IMO, the ultimate aim (even if this is not practical) is to deliver
to each recipient the same version of the Fax as they would have
received IF they were the only addressee
I think this is a reasonable and practical goal. I don't think that
recipient A should experience a difference in message quality
(or worse, fail to receive the message at all) based on whether or
not you cc'ed recipient B.
while at the same time
generating only the minimum number of copies to allow
multi-addressing.
I think this is an implementation decision. It should be *possible*
to do this (and it is), but it shouldn't be required of implementations.

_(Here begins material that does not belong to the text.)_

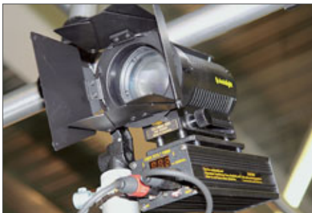
Dedolight HM4-300 mit DMX-Vorschaltgerät

Dedo Weigert hatte neben den 200-W-HMIs (NP in PP 11/06) neu das Wide Eye für die Dedolights am Stand, eine spezielle Optik, die bis auf 80°

here are a couple of trivial examples of the effect of a "downgrade to
LCD format" implementation strategy.
assume:
recipient A accepts only HTML and plain text
recipient B accepts only PDF and plain text
an HTML message sent only to A gets delivered as HTML, but if B is cc'ed
(or bcc'ed) on the message then both A and B get plain text (if the
client knows how to convert HTML to plain text). A is accustomed
to receiving HTML from B and is surprised that there's an information
loss.
more seriously, a PDF message sent only to B gets delivered as PDF, but
if A is cc'ed on the message then the message is bounced for both A and
B because there's no good way to downgrade PDF to a format acceptable
to B (or the client doesn't know how).
So far I have not been able to identify conditions for which downgrading
to LCD is a viable implementation strategy. My conclusion is that
implementations that support CONNEG and that attempt to deliver to
mutliple recipients in one transaction MUST be prepared to do RSET and
split up the delivery if it becomes evident that delivering the same
version of the message to all recipients is not appropriate.